In June 1942, the U.S. Army established the Manhattan Engineer District to handle its part in the atom bomb project, beginning the process of transferring responsibility from the Office of Scientific Research and Development to the military.In September, Brigadier General Leslie R. Groves, Jr., was appointed director of what became known as the Manhattan Project. By October 12, 1942, Groves and Oppenheimer had decided that for security and cohesion, they needed to establish a centralized, secret research laboratory in a remote location.

Groves selected Oppenheimer to head the project's secret weapons laboratory, although it is not known precisely when. This decision surprised many, because Oppenheimer had left-wing political views and no record as a leader of large projects. Groves worried that because Oppenheimer did not have a Nobel Prize, he might not have had the prestige to direct fellow scientists, but Groves was impressed by Oppenheimer's singular grasp of the practical aspects of the project and by the breadth of his knowledge. As a military engineer, Groves knew that this would be vital in an interdisciplinary project that would involve not just physics but also chemistry, metallurgy, ordnance, and engineering. Groves also detected in Oppenheimer something that many others did not, an "overweening ambition", which Groves reckoned would supply the drive necessary to push the project to a successful conclusion. Oppenheimer's past associations were not overlooked, but on July 20, 1943, Groves directed that he receive a security clearance "without delay irrespective of the information which you have concerning Mr Oppenheimer. He is absolutely essential to the project."Rabi considered Oppenheimer's appointment "a real stroke of genius on the part of General Groves, who was not generally considered to be a genius".

Oppenheimer favored a location for the laboratory in New Mexico, not far from his ranch. On November 16, 1942, he, Groves and others toured a prospective site. Oppenheimer feared that the high cliffs surrounding it would feel claustrophobic, and there was concern about possible flooding. He then suggested a site he knew well: a flat mesa near Santa Fe, New Mexico, which was the site of a private boys' school, the Los Alamos Ranch School. The engineers were concerned about the poor access road and the water supply but otherwise felt that it was ideal. The Los Alamos Laboratory was built on the site of the school, taking over some of its buildings, while many new buildings were erected in great haste. At the laboratory, Oppenheimer assembled a group of the top physicists of the time, whom he called the "luminaries".

Los Alamos was initially supposed to be a military laboratory, and Oppenheimer and other researchers were to be commissioned into the Army. He went so far as to order himself a lieutenant colonel's uniform and take the Army physical test, which he failed. Army doctors considered him underweight at 128 pounds (58 kg), diagnosed his chronic cough as tuberculosis, and were concerned about his chronic lumbosacral joint pain. The plan to commission scientists fell through when Rabi and Robert Bacher balked at the idea. Conant, Groves, and Oppenheimer devised a compromise whereby the University of California operated the laboratory under contract to the War Department. It soon turned out that Oppenheimer had hugely underestimated the magnitude of the project: Los Alamos grew from a few hundred people in 1943 to over 6,000 in 1945.

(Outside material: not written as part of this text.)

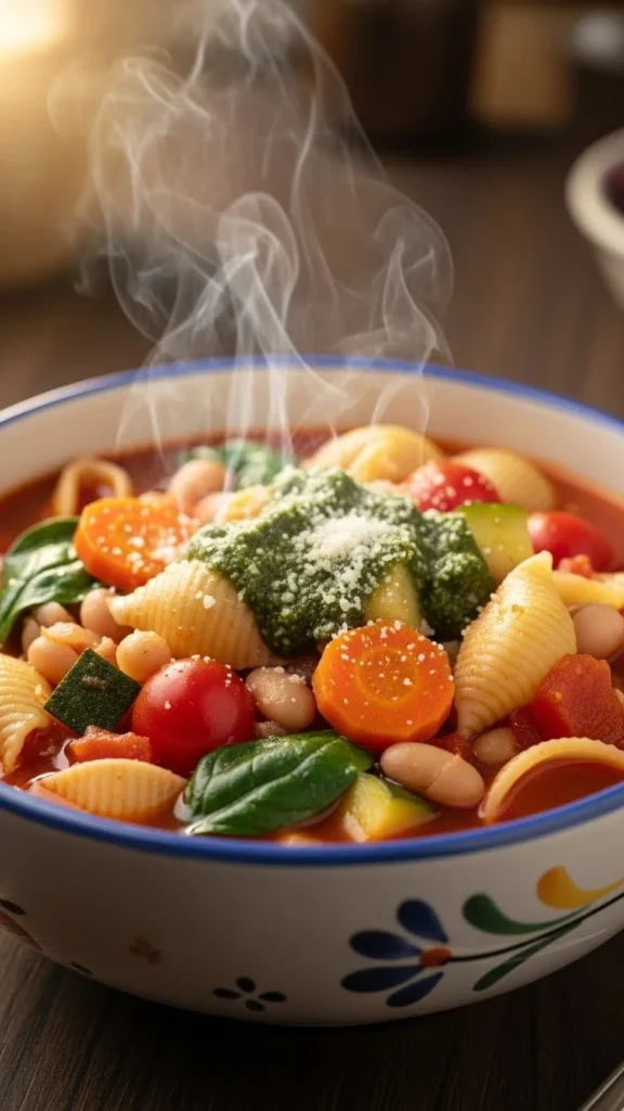 This classic Italian-style soup is packed with vegetables, pasta, and beans, making it perfect for winter. Each spoonful brings comfort and nourishment.

Oppenheimer at first had difficulty with the organizational division of large groups but rapidly learned the art of large-scale administration after he took up permanent residence at Los Alamos. He was noted for his mastery of all scientific aspects of the project and for his efforts to control the inevitable cultural conflicts between scientists and the military. Victor Weisskopf wrote:

Oppenheimer directed these studies, theoretical and experimental, in the real sense of the words. Here his uncanny speed in grasping the main points of any subject was a decisive factor; he could acquaint himself with the essential details of every part of the work.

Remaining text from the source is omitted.